I wish you all the best for this new year which promises to be pivotal for you, hoping that the break from your salaried activity and the launch of your independent activity go as well as possible.
Thank you for your many articles, your transparency and all these enriching exchanges!
Thanks bro. And congratulations also for this result. Achieving market performance in a market in such panic is already an achievement because it means remaining inflexible.
All the best to you too and thank you for your loyalty.
Great performance Jérôme, WELL DONE!
After the doldrums of spring and the tortuous path to accessing your independent side business in this year 2020, I wish you every success for 2021 in your quest for independence!
Happy New Year!
Thank you AGU and happy New Year to you too. By the way, the aperitif is calling me. A++ and cheers.
Well done and thank you for sharing your analyses and other considerations.
You have already stated and shown it: at a certain point, it becomes possible to draw on the capital in addition to using the income. Cold reflection indicates that it is possible, but it still takes courage to start drawing on a capital patiently built up over many years at the cost of effort and discipline. I imagine that taking this step must also require "psychological work" on oneself!

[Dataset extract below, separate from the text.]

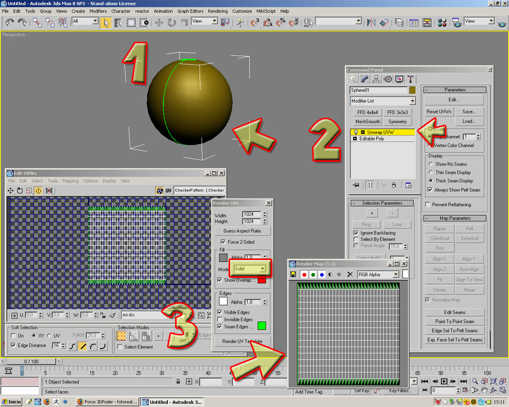 Empecemos haciendo una esfera (1), a dicha esfera le pondremos solamente un modificador de Unwrap (2) para sacar las UVS (recomiendo que se empollen el Unwrap ya que, con los Pelt y la cantidad de herramientas que tiene, es todo un lujo). Una vez hayamos desplegado la malla (esta es automática en este caso) se comprueba que no haya ningún polígono solapado, ¿cómo? Con el render UVS que trae el editor del Unwrap de 3ds Max eligan las mismas opciones y pongan solid que es para este fin (3).

Good luck and best wishes for success!
Thank you Laurent. Yes you are right, this last psychological step is ultimately the hardest of all.
Best wishes to you too.
Congratulations and above all a very happy new year 2021!
Thank you Caroline!
Thank you!!1
Why do you think the stock market likes Trump's dictatorship?

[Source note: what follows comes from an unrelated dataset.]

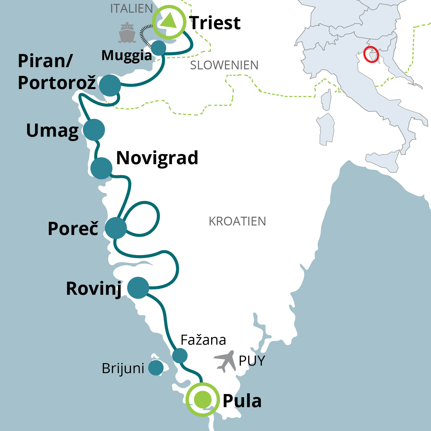 Ausgangspunkt dieser Radreise ist Triest, die ehemalige Habsburger Hafenstadt, an den Ausläufern des Karsts gelegen. Zur Zeit des Römischen Reiches entwickelte sich Triest von einer relativ kleinen, unbedeutenden Stadt in eine betriebsame und reiche Hafenstadt. Nach wenigen Kilometern verlassen Sie Italien und radeln nach Slowenien und Kroatien. Diese sonnige Halbinsel im Mittelmeer wird vor allem geprägt durch malerische kleine Fischerdörfer, kleinen Städtchen auf den karstigen Hügeln, Weinberge und Täler. Lassen Sie sich vom Charme der kontrastreichen Landschaften und den vielen Farben Istriens überraschen.

The Dow Jones has risen 3% since yesterday! Worst anti-democratic day in American history!
It's funny, I was thinking the same thing. Is it really Trump's dictatorship that she likes or the fact that he's gone and the Democrats are going to Congress? From what I've read, it's more the latter. Investors are anticipating that with the Democrats, the COVID crisis will be better managed, both health-wise and economically.
It's funny, in the end, it seems that at the moment, whatever the news, Wall Street is fine with it. Everything is subject to euphoria, even human stupidity.